[Your assignment]
Starting at the line that contains "Le tapis de" and stopping after the line that contains "24. 如图所示,R1=2Ω", transcribe the listing below exactly; do not include any pictures.

[Dataset excerpts]
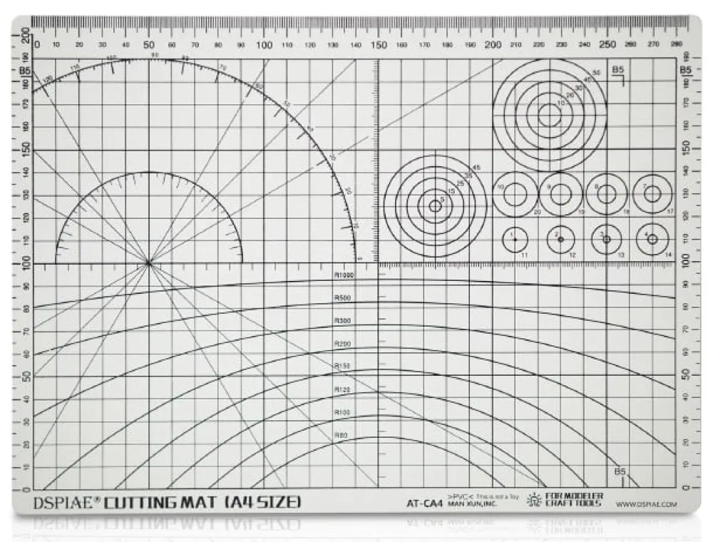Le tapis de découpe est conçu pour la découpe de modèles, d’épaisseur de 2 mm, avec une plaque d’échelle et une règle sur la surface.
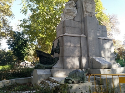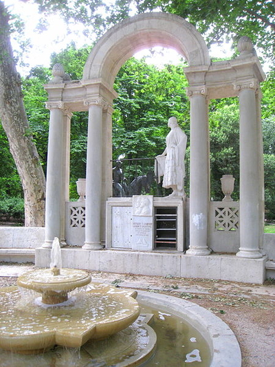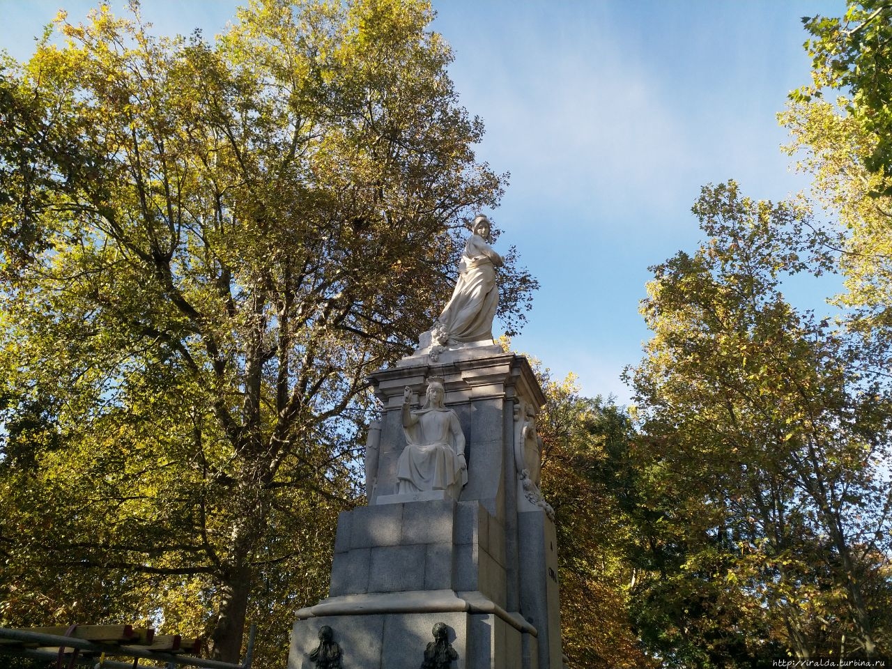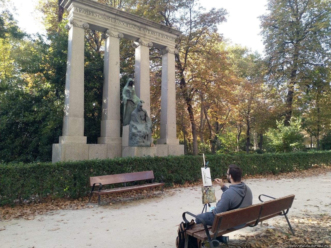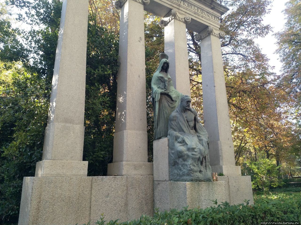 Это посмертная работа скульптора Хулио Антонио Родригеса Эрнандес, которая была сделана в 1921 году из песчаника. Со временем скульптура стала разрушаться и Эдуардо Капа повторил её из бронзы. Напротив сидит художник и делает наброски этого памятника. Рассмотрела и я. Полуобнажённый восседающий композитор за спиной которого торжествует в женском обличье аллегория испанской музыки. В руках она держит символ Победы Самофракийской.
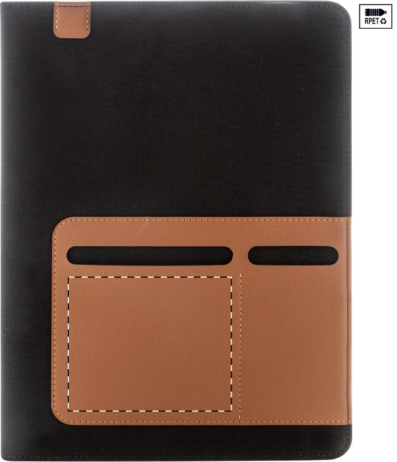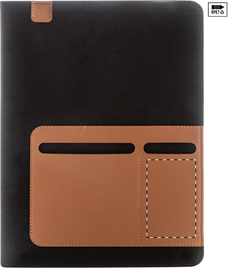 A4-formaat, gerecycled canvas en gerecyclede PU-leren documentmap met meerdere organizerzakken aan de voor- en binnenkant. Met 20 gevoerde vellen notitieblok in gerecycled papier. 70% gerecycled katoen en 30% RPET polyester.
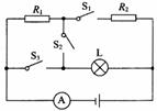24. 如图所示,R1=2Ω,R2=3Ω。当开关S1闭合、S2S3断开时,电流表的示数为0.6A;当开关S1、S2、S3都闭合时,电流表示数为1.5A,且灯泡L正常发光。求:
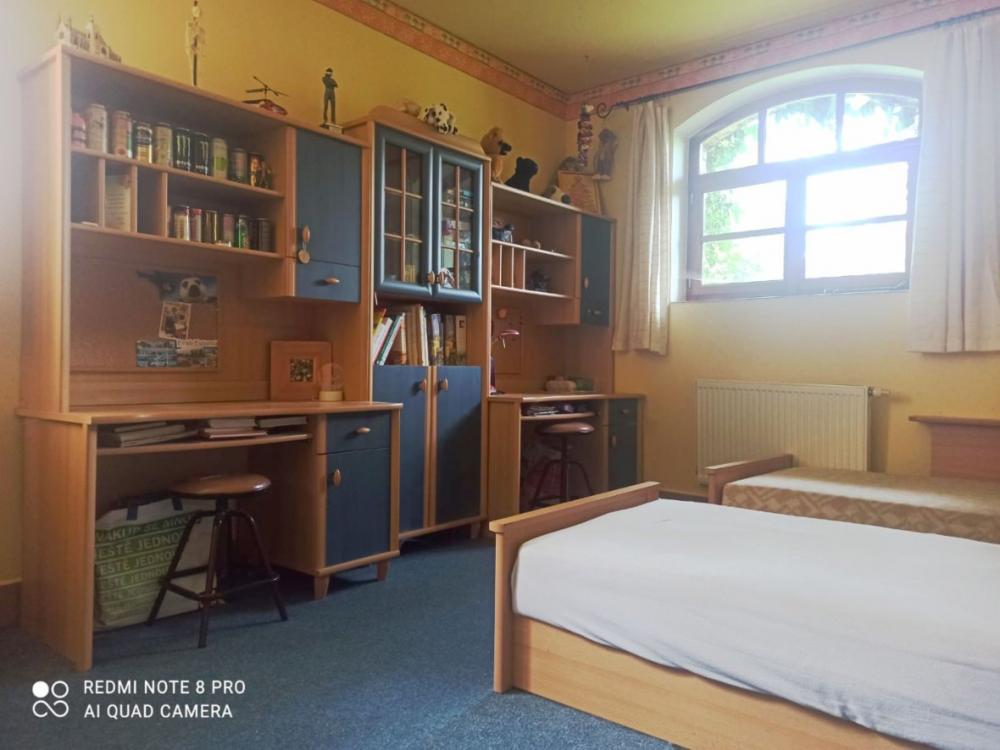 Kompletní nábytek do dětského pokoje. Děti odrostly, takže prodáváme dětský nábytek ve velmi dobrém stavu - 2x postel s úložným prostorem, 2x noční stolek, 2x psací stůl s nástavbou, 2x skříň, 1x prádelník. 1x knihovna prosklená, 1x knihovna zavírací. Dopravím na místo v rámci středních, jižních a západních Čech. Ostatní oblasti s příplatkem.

--

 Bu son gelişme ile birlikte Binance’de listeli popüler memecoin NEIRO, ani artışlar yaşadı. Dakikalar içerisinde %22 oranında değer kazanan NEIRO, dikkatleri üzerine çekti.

[Answer]
Le tapis de découpe est conçu pour la découpe de modèles, d’épaisseur de 2 mm, avec une plaque d’échelle et une règle sur la surface.
 Это посмертная работа скульптора Хулио Антонио Родригеса Эрнандес, которая была сделана в 1921 году из песчаника. Со временем скульптура стала разрушаться и Эдуардо Капа повторил её из бронзы. Напротив сидит художник и делает наброски этого памятника. Рассмотрела и я. Полуобнажённый восседающий композитор за спиной которого торжествует в женском обличье аллегория испанской музыки. В руках она держит символ Победы Самофракийской.
 A4-formaat, gerecycled canvas en gerecyclede PU-leren documentmap met meerdere organizerzakken aan de voor- en binnenkant. Met 20 gevoerde vellen notitieblok in gerecycled papier. 70% gerecycled katoen en 30% RPET polyester.
24. 如图所示,R1=2Ω,R2=3Ω。当开关S1闭合、S2S3断开时,电流表的示数为0.6A;当开关S1、S2、S3都闭合时,电流表示数为1.5A,且灯泡L正常发光。求:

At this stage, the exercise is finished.